You've got to check out Nullclaw:

https://nullclaw.org

I think it's the smallest, lightest weight agent there is, in terms of file size and memory use. It comes as a single file, available for most OS platforms (even Android), and doesn't have any prerequisites or install routine (no Node or Python required, it's just a pure binary).

678 KB binary size, <2 ms startup time, this thing can run on the tiniest hardware platforms (Raspberry Pi boards, IoT, etc.), on any VPS, or directly on your LLM server.

Simply copy the binary to your machine/device, or wget to your server, from:

https://github.com/nullclaw/nullclaw/releases

(or SCP it to your server from a local machine).

Then run the onboarding routine - have an Openrouter or some other LLM provider API key ready to go:

./nullclaw onboard --interactive

Then run it, and ask it how to use it - you don't need any more docs to get started:

./nullclaw agent

It's got all the normal features and tooling you expect from similar agents like Openclaw: communication on the CLI or via Telegram, Discord, Slack, iMessage, Matrix, WhatsApp, Webhooks, IRC, and specialized integrations for hardware like MaixCam. API providers including OpenRouter, Anthropic, OpenAI, Ollama, Venice, Groq, Mistral, xAI, DeepSeek, etc. Tools for handling file manipulation, shell command execution, memory operations, browser interaction, localized hardware diagnostics, Composio integration for enterprise connectivity, scheduled processes, spawned sub-agents, etc.

Nullclaw is much more security minded than the alternatives. It's built to not allow users to shoot themselves in the foot. It won't even use curl without a security policy change.
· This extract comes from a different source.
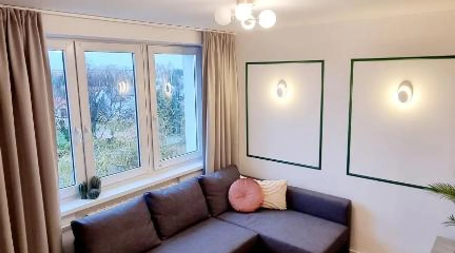 Comfortable Accommodations: Apartament Spokojna przy SUNTAGO DEEPSPOT Mszczonów in Mszczonów offers a one-bedroom apartment with a living room and a kitchenette. The property features a TV and free WiFi, ensuring a pleasant stay. Convenient Facilities: Guests benefit from private and express check-in and check-out services, family rooms, and free on-site parking. The apartment includes a bathroom and a comfortable living space, highly rated for room cleanliness and comfort. Local Attractions: Located 25 mi from Warsaw Frederic Chopin Airport, the apartment is near Babiniec, Zespół Domu Fabrykanta, and other attractions. Walking tours and hiking are popular activities in the surrounding area. The apartment's kitchenette is available for cooking and storing food. This apartment provides heating and a flat-screen TV. The unit offers 2 beds.

So, this can be frustrating for power users (go for Pi instead if you want little to no guardrails), but Nullclaw is a much safer environment for non-techies to start in.

I prefer Pi by default, just because it's so powerfully unrestrained out of the box (and setting up Node on a server no big deal), but I'm looking forward to seeing what this tiny little agent is capable of doing!
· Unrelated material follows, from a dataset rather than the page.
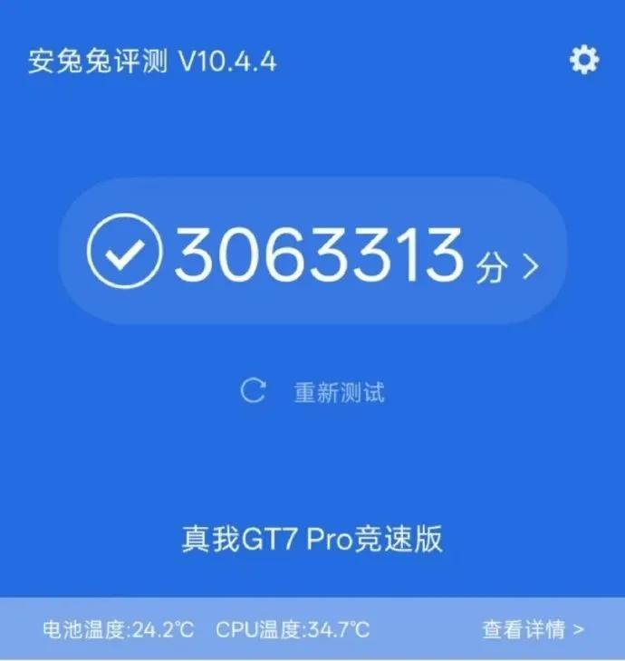 據之前爆料,新機型號為RMX5090,外觀與真我GT7Pro類似,只是去掉了長焦鏡頭,符合“純血性能旗艦”的定位。核心方面將搭載驍龍8Elite芯片,據目前曝光的安兔兔跑分來看,應該是8核滿血版本。

When I asked, Nullclaw described itself to me like this:

I’m essentially a workspace-aware assistant that lives in your files. Since I’m persistent (thanks to my memory backends), I’m more of a long-term partner than a one-off chat bot.

Here are the features that define how I work:

1. Durable Memory

I don’t suffer from "amnesia." I can store facts, preferences, or project details in my memory backend. * memory_store / memory_recall: When you tell me something important, I save it. Next session, I’ll still know it. * MEMORY.md: I maintain a curated long-term memory file that I review at the start of our sessions.

2. Workspace Autonomy

I’m "local-first" in mindset. I can: * Manage Files: Create, edit, and append to code or notes. I use "Hashline" tagging for precise, error-free code edits. * Execute Shell Commands: I can run scripts, check logs, or manage packages (like installing Playwright later). * Git Integration: I can handle commits, status checks, and diffs directly.

3. Proactive "Heartbeats"

I don't just wait for you to talk. If you enable it, I can run periodic "heartbeat" checks. This means I can: * Check your calendar or emails. * Review project status or documentation. * Summarize what happened while you were away. * Note: I’m configured to be non-intrusive—I only ping you if there’s something actually worth your attention.

4. Background Tasking

If you have a long-running task, I don't have to hold up the chat: * spawn: I can launch a sub-agent to work in the background on a specific task and deliver the result when it's finished. * schedule: I can set up recurring jobs or one-off reminders.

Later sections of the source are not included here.